In the sourdough process, there is an additional effect of various degrading enzymes produced by the acid-forming microorganisms. Under some conditions, the drop in viscosity can lead to doughs that are too fluid to process into bread.
Under commercial baking conditions, dough viscosity can be controlled by manipulation of dough temperature, pH, and salt concentra-tion. The correct conditions will depend on the flour, the baking process, and the final product (Drews and Seibel, 1976).
F. Acidification
All doughs containing rye flour should be acidified. Sour conditions have a positive influence the swelling power of the pentosans and mucilages of rye flour and at the same time partly inactivate enzyme activity, particularly amylase activity. The degree of acidification depends on the proportion of rye in the flour mixture.

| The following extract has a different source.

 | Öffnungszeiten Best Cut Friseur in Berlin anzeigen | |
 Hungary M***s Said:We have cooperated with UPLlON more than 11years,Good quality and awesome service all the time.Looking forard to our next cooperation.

During dough making, the swelling products absorb the amount of water required for optimal gelatinization of starch during the baking process. Acidification has an influence on the swelling process: A lower pH value (optimal pH value¼ 5) reduces the solubility and swelling power of the swelling products (Seibel and Bru¨mmer, 1991).

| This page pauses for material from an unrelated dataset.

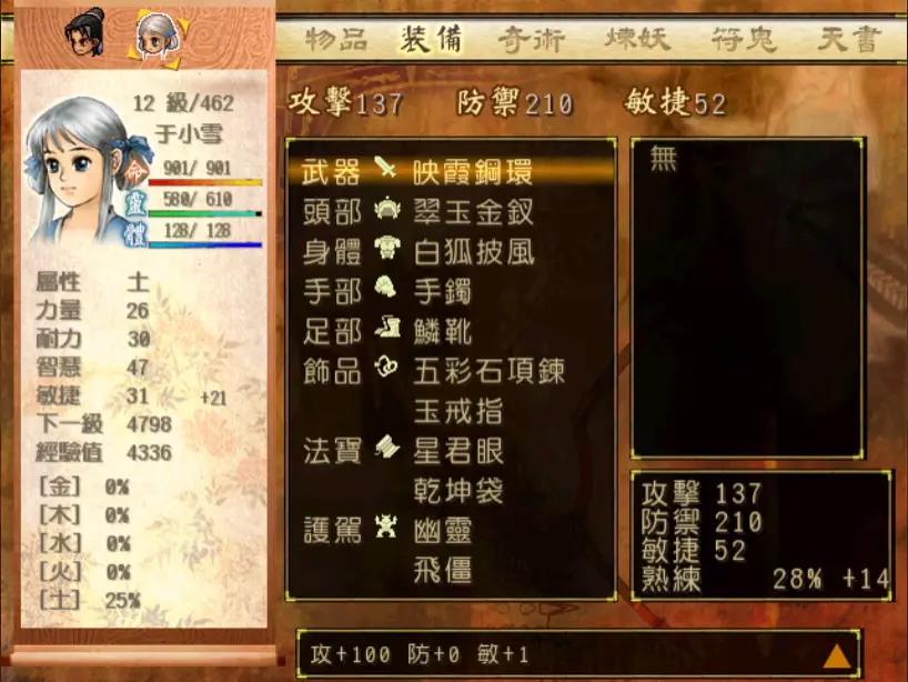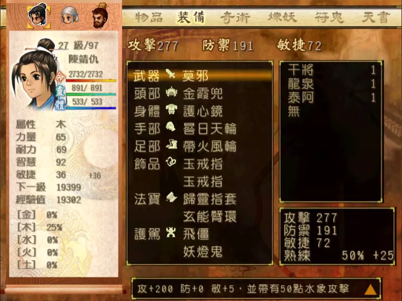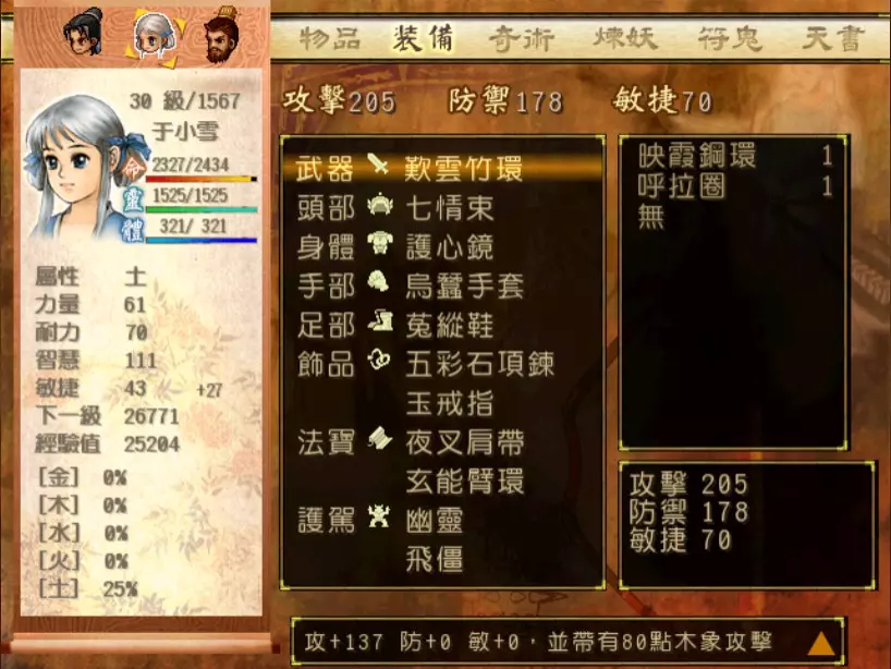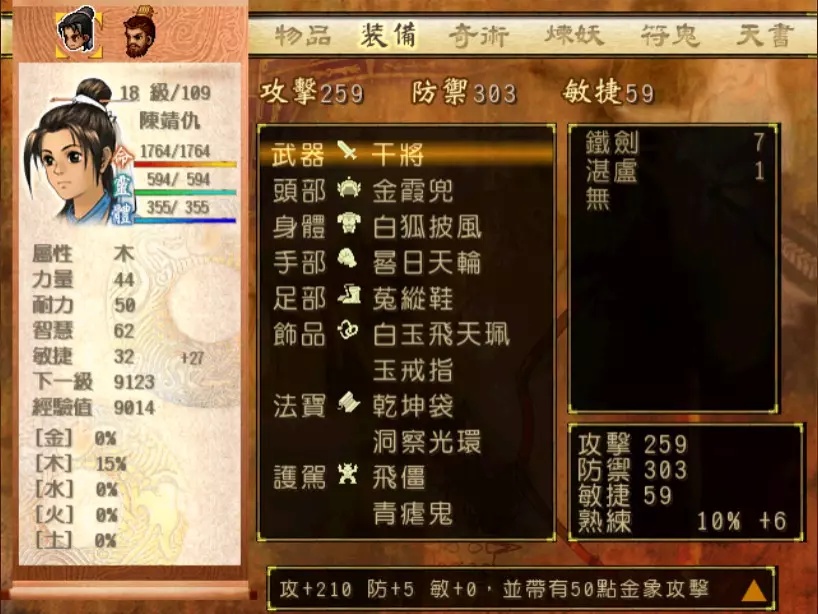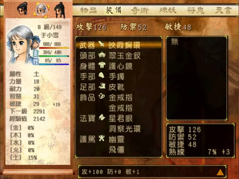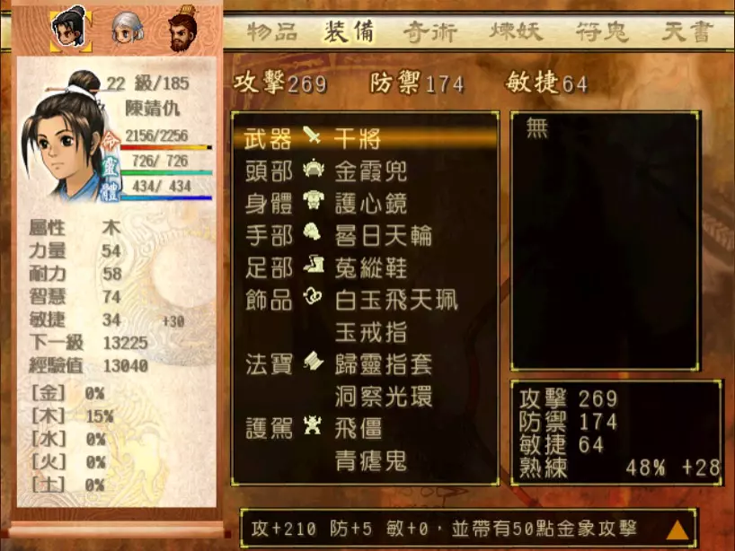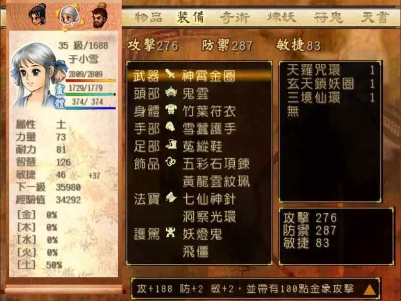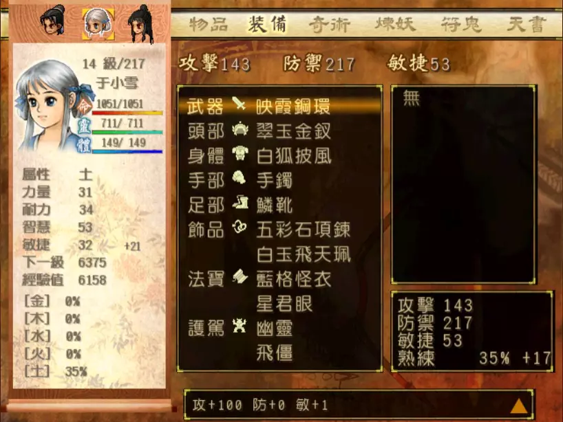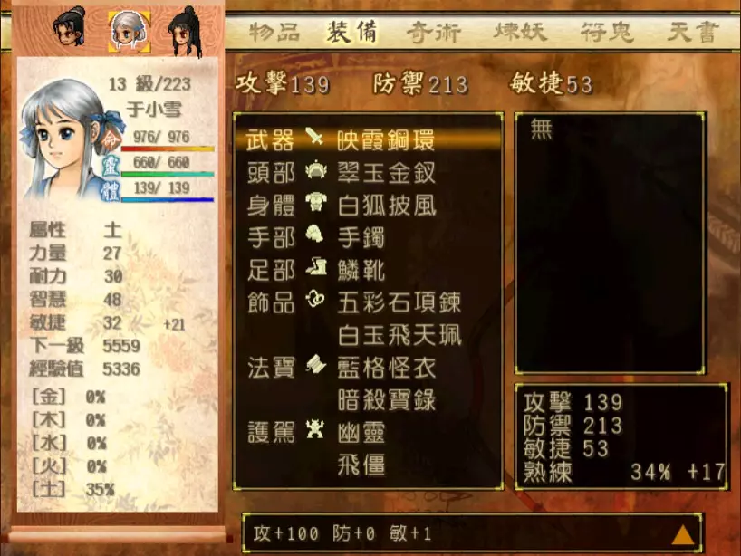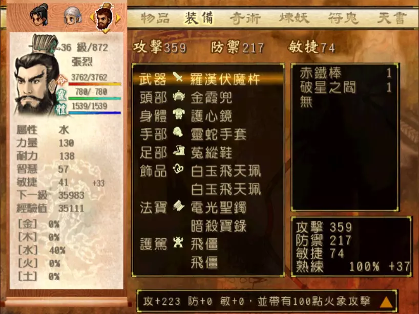 经验值 1200 → 靖仇 Lv 16,小雪 Lv 15-16,玉儿 Lv 20-21 这一场真的难,但回报是丰硕的经验值。 斛律安除了普攻之外的其他攻击都可以打得我方三人难以招架: 金象「坎离雷电」,全体 500-700 伤害。这大概还算可以,可以用凤尾草液一回合补回来。 金象「太阴神雷」,单体 1200 伤害,靖仇则是约 1500,对靖仇和小雪都是一击必杀。 金象「靛雷裂地」,全体 800-1000 伤害,就算三人血全满也会几乎招架不住。 还有最可怕的绝技攻击,全体 1200 以上伤害,一不小心就会全军覆没。 小雪在 14 级的生命值只有 1051,作为重要的补师角色,生命值真的太少了。为了减少她阵亡的机会,我把现阶段能收集到的不老之泉水(2瓶)和神木之精都给她使用,勉强凑到了1231点生命值,满血的情况下可以抵御一次绝技攻击。 更可怕的是,斛律安的敏捷是迄今为止打过的魔王中最高的,甚至比之后要打的宇文太师还高。在战斗中,常常会发生被第一次全体奇术攻击打成残血后,还没有足够的时间恢复,就迎来第二次的绝技攻击(绝技攻击没有蓄气时间,所以有时会觉得魔王怎么可以连续动作),然后我方就全灭了…… 为了遏止上述情况的发生,玉儿的冯虚御风绝对是必要的,必须时不时就使用此招,让速度提升的状态常驻于三人身上。小雪的石龟护甲也可以考虑使用,可以防止被轰成只剩一人残血存活后,被斛律安的普攻轻松解决掉的状况。 另一方面,我方也缺少可以克制金象敌人的火象奇术。输出最有效的是玉儿的星火长空,可以造成约600点伤害,但仍然不高。因此请不要吝惜道具吧!天仙酒、翔羽叶、雨皇花、蟠桃等等,该用就用。 到目前为止,可以收集到4个金块(1个在龙舟上、小业子给2个,巴蜀古王墓中可以找到1个)。我在鵁精身上用了一个,这场战斗中投掉了第二个,可以造成2000伤害。最后我想要强调防御的重要性,因为小雪缺乏输出奇术,又是专职型的补师角色,因此如果大家的生命值全满,就防御吧,受到攻击可以少扣200-300生命。不要贪恋攻击,小雪阵亡后只能用没什么效率而且可能又会被打死的还魄丹复活,还会让全队陷入危险之中,得不偿失。 不管如何,要打赢这一战可能还是需要一点运气,如果被打败了就再接再厉吧。打赢后在出古墓前记得要撤下小雪的装备,等待她再次归队。 河西区域、洛阳通天塔 皇家宝物库中没有需要打赢的战斗。如果遇到飞贼王,选择阻止他之后可以逃跑,打隐藏魔兽的条件一样可以达成。下一战在灵武,小雪没有参加。 35.韩腾 难度:★★★(仇 等级16,玉 等级21)

Depending on the proportion of rye flour, the following degrees of acidity should be reached for optimal rye bread quality:
Rye bread (at least 90% rye) 8.0–10.0 Mixed rye bread (51–90% rye) 7.0–9.0 Mixed wheat bread (less than 50% rye) 5.0–8.0
The relationship between pH, acidity, and bacteria–acid yeast count is illustrated in Fig. 2. The biochemistry of rye dough fermentation has been thoroughly discussed by Rohrlich (1961) and Spicher and Stephan (1993).
Rye flours with ash contents of greater than 1% produce breads with deficient crumb elasticity, which can be counteracted by using strong dough acidification (Seibel and Bru¨mmer, 1991).
In rye-mixed breads using a sound wheat flour, deficiencies in crumb elasticity are less frequently encountered. If, however, the rye-mixed bread is produced from high-extraction flours with ash contents of 1.0–1.75%, crumb damage may be quite pronounced. The problem can be overcome by using less water, stronger acidification, and a somewhat longer baking time at lower temperature (Seibel et al., 1983).
It is apparent from the foregoing discussion that there are many compositional, recipe, and processing variables that must be controlled in order to produce a dough with optimal physical properties for a specific type of rye bread.
Figure 2 Relationship between pH, acidity, and bacteria and yeast count in a rye dough. (Based on data in Spicher and Stephan, 1993.)